Mounted at /content/drive


In [None]:
# ==== CONFIG ====
BASE_DIR = "/content/drive/MyDrive/ai4trade"  # change if needed
FEATURES_TRAIN = f"{BASE_DIR}/data/features/features_train_h2.parquet"
FEATURES_TEST  = f"{BASE_DIR}/data/features/features_test_h2.parquet"

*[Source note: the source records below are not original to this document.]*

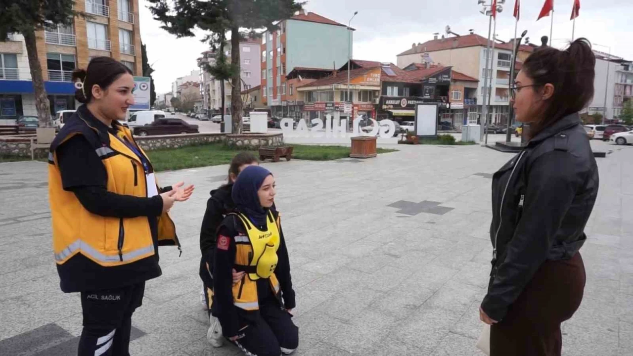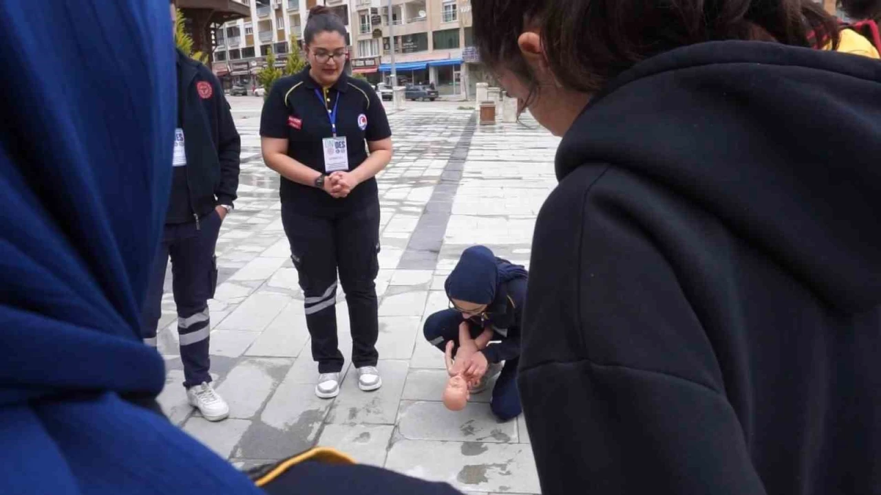 Meydanda açılan stantta, öğrenciler yoldan geçen vatandaşları durdurarak ilk yardım eğitimi konusunda bilgilendirme yaptı. Özellikle solunum yolunu tıkayan yabancı cisimlere müdahalede kullanılan Heimlich manevrası gibi hayati öneme sahip uygulamaları vatandaşlara birebir gösteren öğrenciler, aynı zamanda neden bu tür bilgilerin herkes tarafından bilinmesi gerektiğini de detaylı şekilde anlattı.
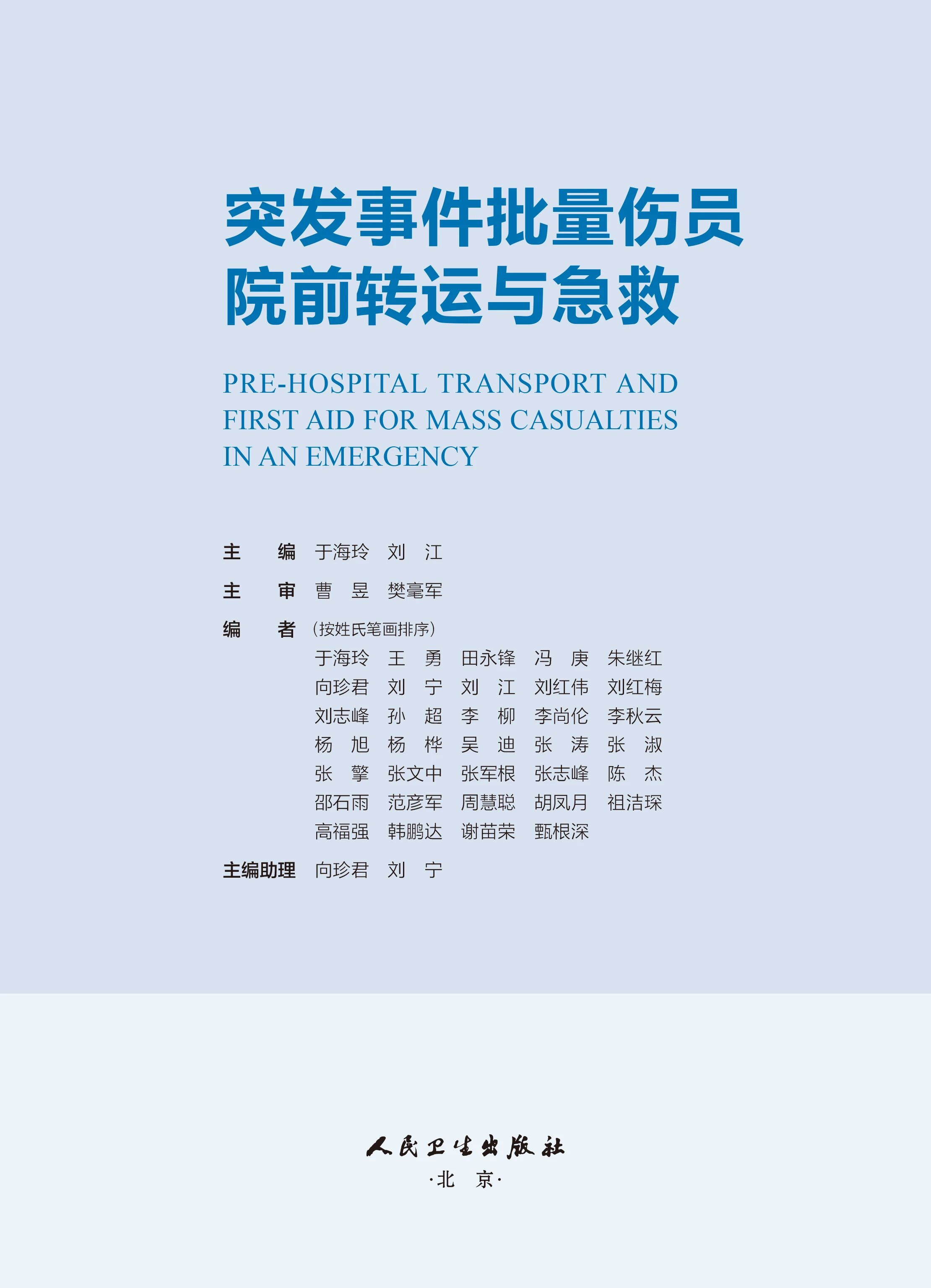 3为急诊急救人员、公共卫生与灾难急救相关人员提供科学指导与实战技巧,是提升突发事件批量伤员院前救治能力的必备宝典。
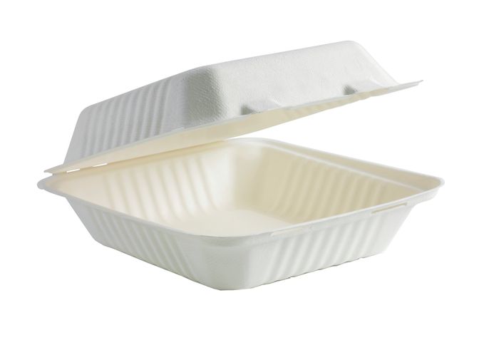 BioPaks' sugarcane clamshells are tree-free – made from reclaimed and rapidly renewable sugarcane pulp. Certified home compostable and may be accepted in kerbside recycling, if not too soiled by food (like pizza boxes). Suitable for many meal types.
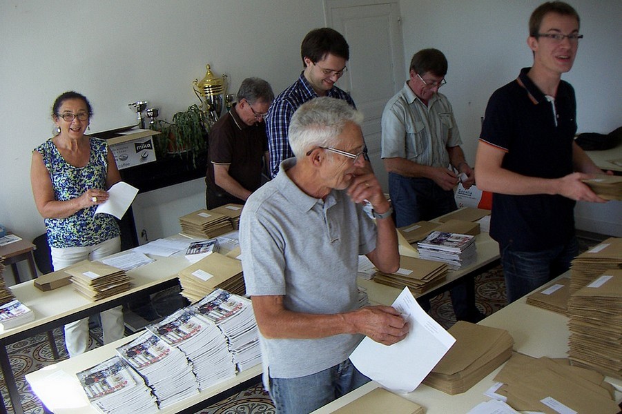 Mise sous pli des Annales 2013-2014 avec quelques bénévoles de l'AmicaleJeudi 25 septembre, une poignée de volontaires du Conseil d’Administration de l’Amicale se sont retrouvés dans l’ancien pavillon administratif du site Germain, afin de procéder à la mise sous pli des quelques 1400 livrets !

MODEL_NAME = "lgbm_tweedie"
RUN_ID = "run_h2_"  # will append datetime

# Tweedie variance power sweep
POWER_GRID = [1.2, 1.35, 1.5]

# Random seed
SEED = 42

# ==== IMPORTS ====
import os, json, math, time, datetime as dt
import numpy as np
import pandas as pd

# LightGBM (CPU wheel; no source build)
try:
    import lightgbm as lgb
except Exception as e:
    !pip -q install lightgbm
    import lightgbm as lgb

from sklearn.metrics import mean_absolute_error

In [None]:
from pathlib import Path

paths = [
    f"{BASE_DIR}/models/{MODEL_NAME}",
    f"{BASE_DIR}/predictions/oof",
    f"{BASE_DIR}/predictions/forecast",
    f"{BASE_DIR}/logs/runs",
]
for p in paths:
    Path(p).mkdir(parents=True, exist_ok=True)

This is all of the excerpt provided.